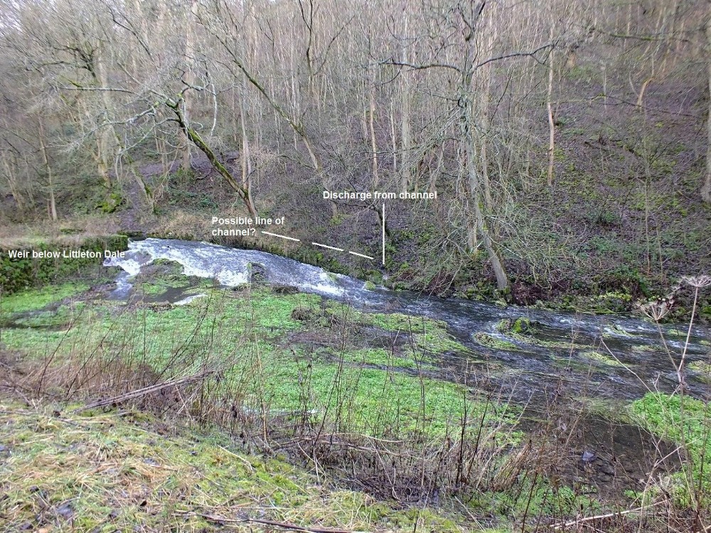 The weir wall is on the left of the photo, the discharge point is in the centre of the photo, and there appears to be the faint line of a possible overgrown/collapsed channel.
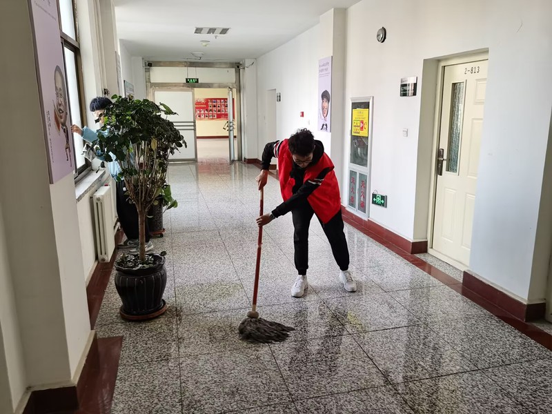 3月4日,学生党员、学生会、志愿服务队认真清理了部分教室、学院走廊及宣传展板卫生,擦拭校门外道路上的共享单车并摆放整齐,努力做到“校园是我家,卫生我来抓”,用心“擦亮”窗口,共建文明校园。
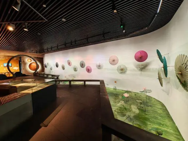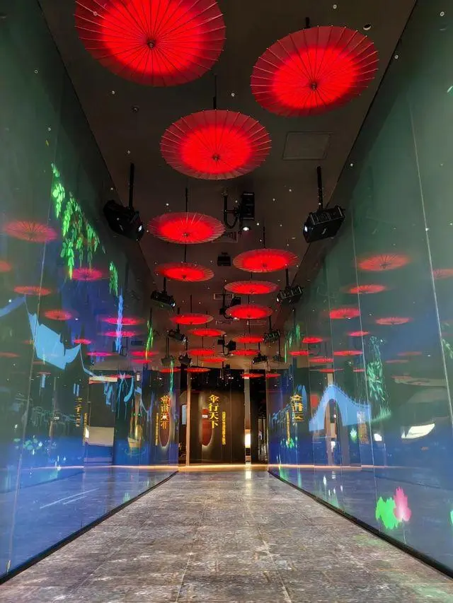 傘舞劇場傘舞劇場將原有的影院空間擴大,立體環(huán)繞播放傘舞視頻,展現(xiàn)江南水鄉(xiāng)細雨朦朧的秀美景色。大家可以在此區(qū)域休憩小坐、欣賞傘舞,感受傘的藝術之美。

* [Task statement]:
An exact transcription of the material is required, without any pictures.

* [Answer for the task]:
 The weir wall is on the left of the photo, the discharge point is in the centre of the photo, and there appears to be the faint line of a possible overgrown/collapsed channel.
 3月4日,学生党员、学生会、志愿服务队认真清理了部分教室、学院走廊及宣传展板卫生,擦拭校门外道路上的共享单车并摆放整齐,努力做到“校园是我家,卫生我来抓”,用心“擦亮”窗口,共建文明校园。
 傘舞劇場傘舞劇場將原有的影院空間擴大,立體環(huán)繞播放傘舞視頻,展現(xiàn)江南水鄉(xiāng)細雨朦朧的秀美景色。大家可以在此區(qū)域休憩小坐、欣賞傘舞,感受傘的藝術之美。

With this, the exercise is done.